Coriolis Force on a Wheel of radius r spinning at angular velocity

[kaamlot92]

Imagine that we have a wheel spinning with the axis of rotation normal to the Earth's surface. For convenience, let's assume that the wheel is located somewhere in the north hemisphere.

According to the definition of the Coriolis force, every little particle dm of the wheel has a coriolis force in some direction. But if we integrate to get the coriolis force on the whole object, doesn't the integral go to 0 since we are in a circle?

Further, if we consider the torque on the wheel due to the coriolis force, we know that the torque is defined as: τ = r' x F.coriolis . where r' is the vector position of dm relatively to the CM of the wheel.

Since the coriolis force is zero, doesn't it mean that the torque is also zero?

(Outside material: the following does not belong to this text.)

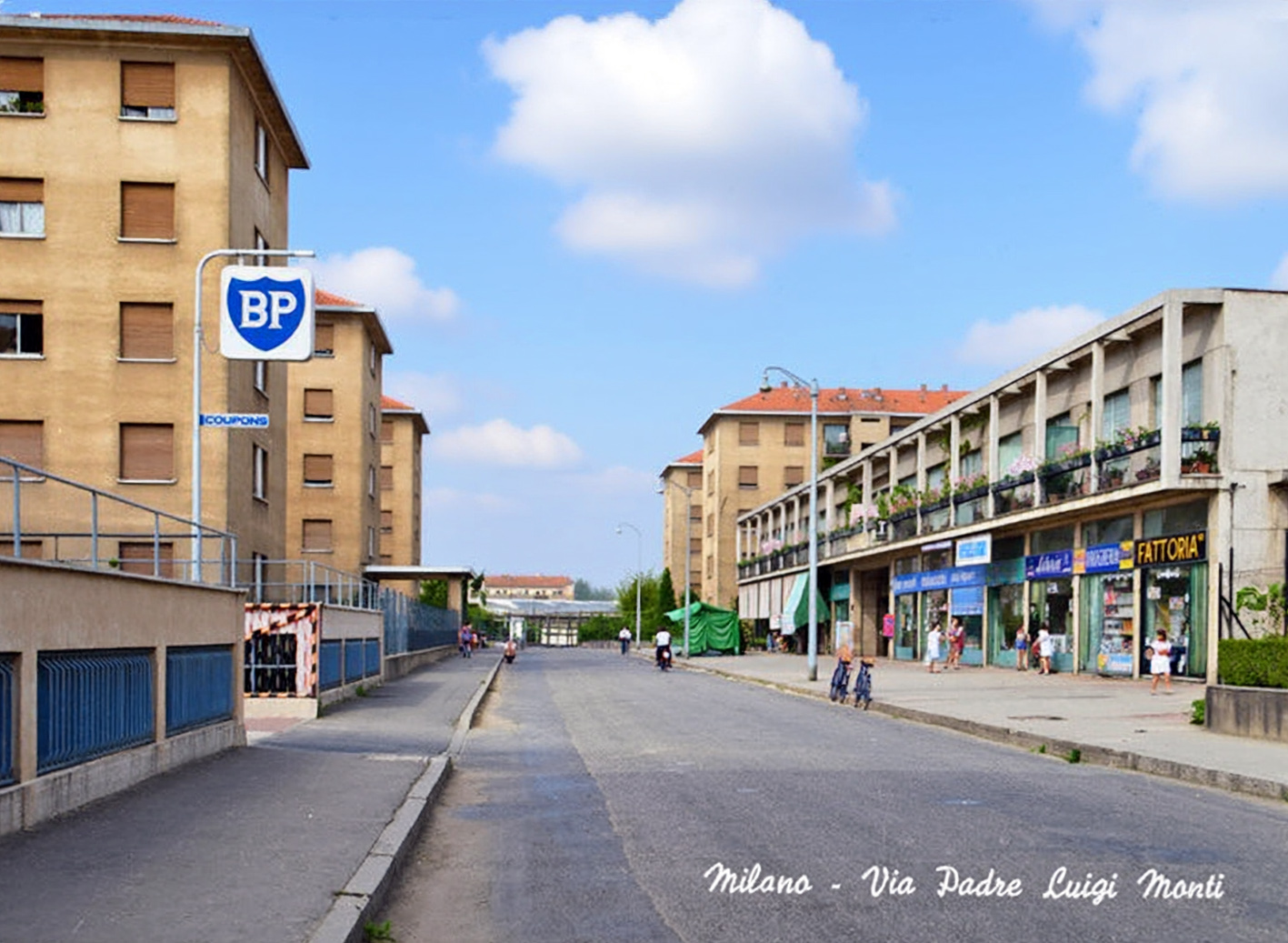 L’area commerciale destinata agli abitanti venne inizialmente concentrata lungo via Padre Luigi Monti, dal civico 18 al civico 24. Qui fu edificata una palazzina di due livelli: il piano terra ospitava le attività commerciali, mentre il piano superiore era adibito ad uso abitativo, presumibilmente destinato ai gestori dei negozi. Contestualmente alla costruzione della parrocchia, sul lato settentrionale dell’edificio sacro venne realizzata una seconda stecca commerciale lungo via Michele de Angelis, a ulteriore servizio del quartiere.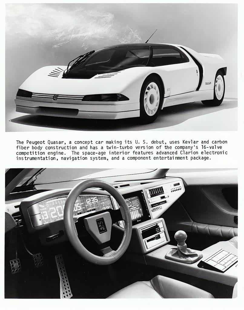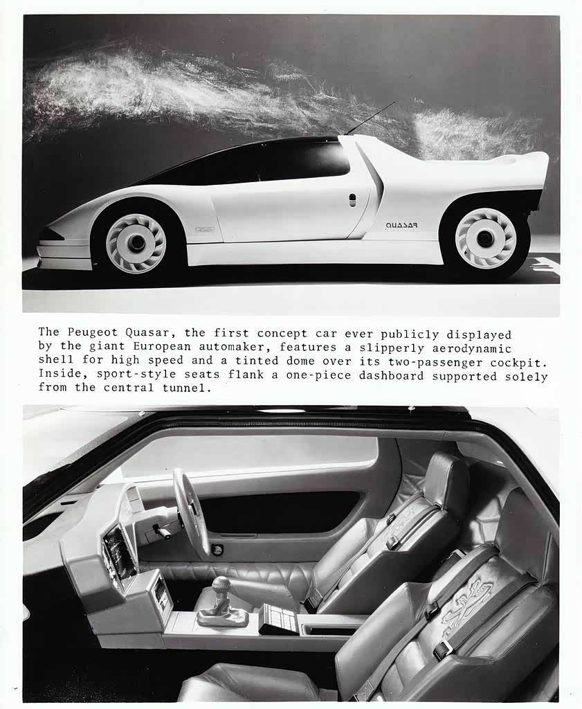 1984年推出的概念车-Quasar,与标致205 T16采用了相同的底盘,外壳却被做成了超级跑车的样式,扁平化的造型与205的家用轿车风格完全不同。

(I know that the answer is no, but why? and where does the torque point...?)

 

[TSny]

Hello and welcome to PF!

It will be simpler to analyze if the wheel is located at the equator. Then the axis of rotation of the wheel is perpendicular to the axis of rotation of the earth. See attached figure. The axis of rotation of the Earth is represented by the blue vertical arrow and Ω is the rate of rotation of the earth. The wheel is rotating with angular velocity ω.

Consider the elements of mass marked A and B on the wheel. Note that relative to the Earth the velocity of A at this moment is essentially out of the page while B is moving into the page.

What is the direction of the coriolis force on A? On B?